My in-laws are in town for my daughter’s graduation.  When I came home yesterday I was greeted with a big smile and vigorous handshake from my father-in-law.  ”I just want to thank you,” he said, standing up from his chair, “for finding us a good doctor.  The one you found for us is wonderful.”

My wife smiled at me warmly.  I just earned myself big points.  Yay!

Her parents and mine are both in their 80′s and are overall in remarkably good health.  When I called my father after he had a minor surgery over the summer, my mother told me he had a ladder and was “on a bee hunt.”  It’s a blessing to have them around, especially having them healthy.

My parents have a wonderful primary care physician, which takes a whole lot of pressure off of me to do family doctoring, and puts my mind at ease.  I’ve only personally contacted him once when my dad had a prolonged time of vague fatigue and body aches.  I try not to use the “I’m a doctor, so I am second-guessing you” card that I’ve had some patients’ children pull.  I called his doctor more as a son who wanted a clear story about what was going on than as a physician with thoughts on the situation.

“I first want to say that I am very grateful my parents have gotten such good care from you,” I said at the start of the conversation.  ”It’s nice to not have to wonder if they are getting good care.”

He was very grateful.  I would be if someone said that to me, and I really meant it.
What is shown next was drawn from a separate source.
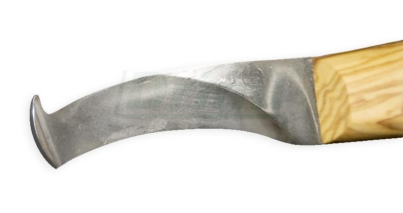 DOUBLE < S > RHINO DELUXE pravý je speciální jednostranný kopytní nůž s jemně prohnutým ostřím a velmi jemným dlouhým háčkem, což umožňuje lepší vedení nože kolem střelky. Super kvalita ostří ze speciální oceli a velmi jemným výbrusem umožňuje přesný a hladký řez do rohoviny. Ergonomicky tvarované madlo z krásného a tvrdého olivového dřeva perfektně sedí v ruce. Profesionální nářadí na nejvyšší úrovni. Pro zkušené kopytáře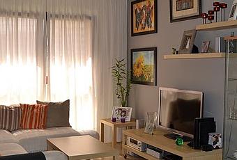 Bueno, pues este es nuestro salón. Se trata de un salón comedor de forma rectangular, siendo dividido por la mitad por la entrada al pasillo, por lo que la zona destinada a salón queda delimitada con muy poco espacio. Nuestra intención era preparar una estancia acogedora y destinada al descanso, pero sin que quedara recargada y tratando de aprovechar la luz natural.

“About his current situation,” I continued, I don’t want to sound like one of those meddling doctor children who want to second-guess their parent’s doctor….”

“You’ve already blown that one,” he interrupted, clearly pulling my chain.  My kind of guy.

I went on to discuss what has been done, adding some things that had occurred to me, specifically of a condition called polymyalgia rheumatica, which I see with some regularity in my office.  He listened to me, and I made sure he knew that he had no extra obligation to listen to my thoughts because I am a doctor.  We finished the conversation with a few more jokes and I hung up with increased confidence as well as gratefulness that my parents had very good medical care.

A few weeks, after my suggested diagnosis came to be true, my dad informed me that his doctor told him, “your son made the diagnosis; he deserves the credit.”  I earned major points from my parents on that one, but their doctor clearly got high score in my book.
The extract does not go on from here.